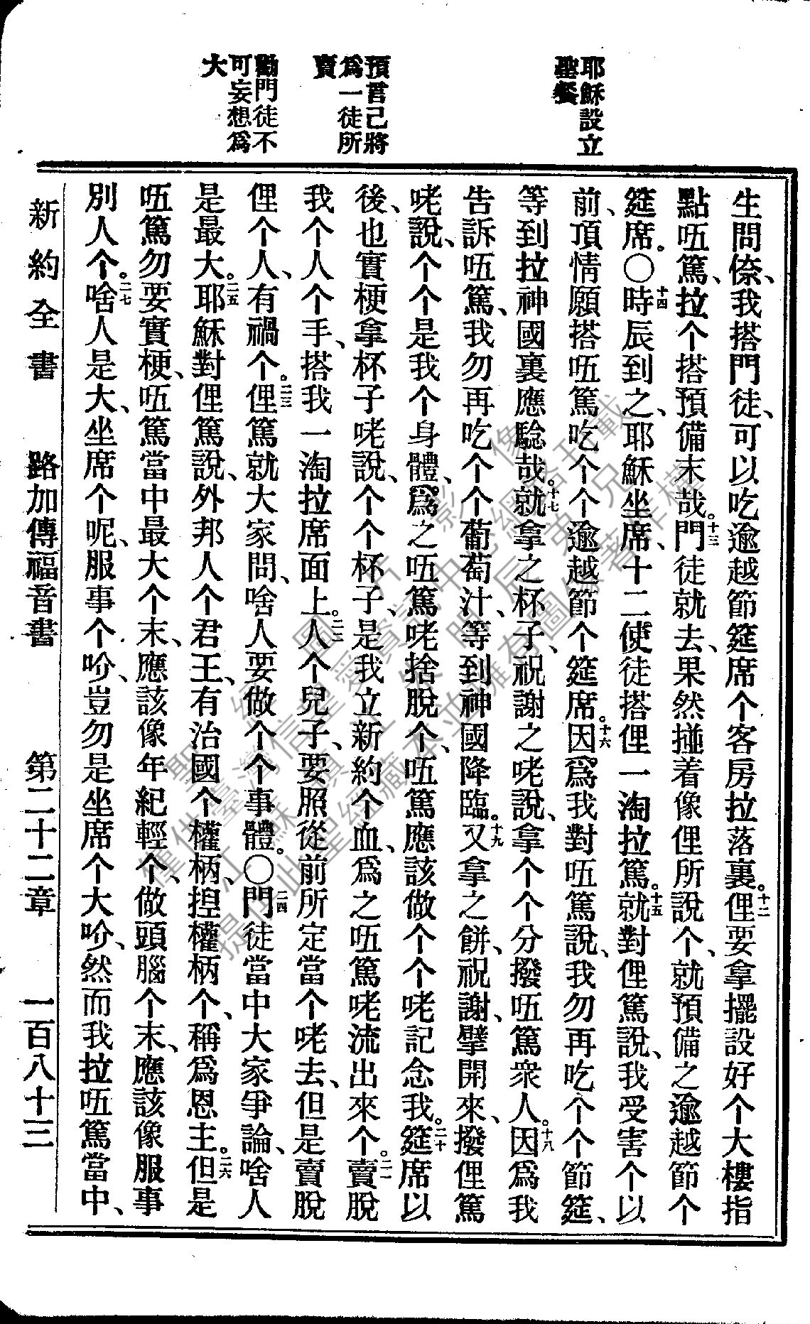 1922年新約全書 路加福音 22 章 12 節到 22 章 27 節
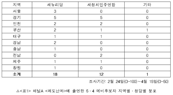 지난 50일동안 <쾌도난마>에는 예비후보 출마자가 총 31회(중복 출연 체크)에 걸쳐 출연했는데, 이중 새누리당 예비후보의 출연횟수는 18회로 58%를 차지했다. 새정치민주연합 후보는 12회 출연했으며, 부산지역에 무소속으로 출마한 오거돈 후보가 1회 출연했다. 인천, 경기, 제주 등에 예비후보를 낸 통합진보당이나 정의당 등 군소정당 후보들은 단 한 번도 출연하지 않았다.
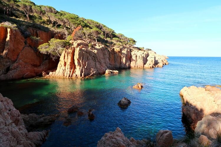 Здесь прямо в бирюзовое море обрываются высокие рыжие скалы, густо поросшие соснами пиниями, а между участками неприступных скал скрываются укромные бухты с мягким песочком.
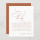 Coloque essas placas na configuração de mesa para cada um dos seus convidados na sua recepção de casamento. Cartões apresentam script de caligrafia rustic terracotta Love + Obrigados com mensagem especial.
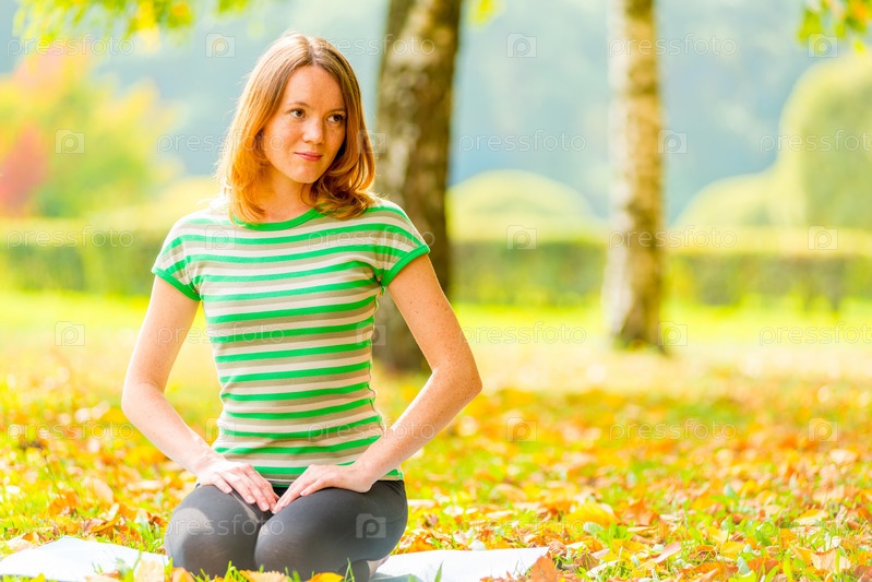 Девушка с карими глазами сидит на траве
....................
### Exercise goal
From the line containing "Coloque essas placas" down to the end of the data above, reproduce each line exactly; no pictures.

### Response area
 Coloque essas placas na configuração de mesa para cada um dos seus convidados na sua recepção de casamento. Cartões apresentam script de caligrafia rustic terracotta Love + Obrigados com mensagem especial.
 Девушка с карими глазами сидит на траве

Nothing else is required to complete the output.